Machine learning experiments need an organization structure that does not limit creativity. In general hierarchical organizations are not the perfect placed where experiments and new innovative business concepts can grow. Applying machine learning in an organization requires an organization that is data and IT driven. A perfect blueprint for a 100% good organization structure does not exist, but flexibility, learning are definitely needed. Depending on the impact of the machine learning project you are running you should make sure that the complete organization is informed and involved whenever needed.
Since your business is properly not Amazon, Microsoft or Google you will need partners. Partners should work with you together to solve your business problems. If you select partners pure doing a functional aspect, like hosting, data cleaning ,programming or support and maintenance you will miss the needed commitment and trust. Choosing the right partners for your machine learning project is even harder than for ordinary IT projects, due to the high knowledge factor involved. Some rule of thumbs when selecting partners: Big partners are not always better. With SMB partners who are committed to solve your business challenge with you governance structures are often easier and more flexible. Be aware for vendor lock-ins. Make sure you can change from partners whenever you want. So avoid vendor specific and black-box approaches for machine learning projects. Machine learning is based on learning, and learning requires openness. Trust and commitment are important factors when selecting partners. Commitment is needed since machine learning projects are in essence innovation projects that need a correct mindset. Use the input of your created solution architecture to determine what kind of partners are needed when. E.g. when your project is finished you need stability and continuity in partnerships more than when you are in an innovative phase.
Running machine learning projects involves risk. Within your architecture it is crucial to address business and projects risks early. Especially when security, privacy and safety aspects are involved mature risks management is recommended. To make sure your machine learning project is not dead at launch, risk management requires a flexible and create approach for machine learning projects. Of course when your project is more mature openness and management on all risks involved is crucial. To avoid disaster machine learning projects it is recommended to create your:
- solution architecture using:
- Safety by design principles.
- Security by design principles and
- Privacy by design principles
In the beginning this will slow down your project, but doing security/privacy or safety later as ‘add-on’ requirements is never a real possibility and will take exponential more time and resources.

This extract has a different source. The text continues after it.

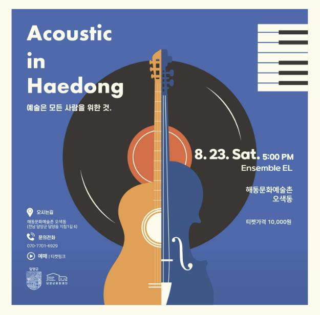 ‘어쿠스틱 인 해동’은 2024년부터 진행해온 지역 거점공간 활성화 공연 프로그램으로, 담양 해동문화예술촌을 무대로 지역 공연예술의 수준 향상과 문화 거점 조성을 목표로 기획됐다.

In order to apply machine learning you need good tools to do e.g.:
- Create experiments for machine learning fast.
- Create a solid solution architecture
- Create a data architecture
- Automate repetitive work (integration, deployment, monitoring etc)
Fully integrated tools that cover all aspects of your development process (business design and software and system design) are hard to find. Even in the OSS world. Many good architecture tools, like Arch for creating architecture designs are still usable and should be used. A good overview for general open architecture tools can be found here https://nocomplexity.com/architecture-playbook/. Within the machine learning domain the de facto development tool is ‘The Jupyter Notebook’. The Jupyter notebook is an web application that allows you to create and share documents that contain live code, equations, visualizations and narrative text. A Jupyter notebook is perfect for various development steps needed for machine learning suchs as data cleaning and transformation, numerical simulation, statistical modeling, data visualization and testing/tuning machine learning models. More information on the Jupyter notebook can be found here https://jupyter.org/ .
But do not fall in love with a tool too soon. You should be confronted with the problem first, before you can evaluate what tool makes your work more easy for you.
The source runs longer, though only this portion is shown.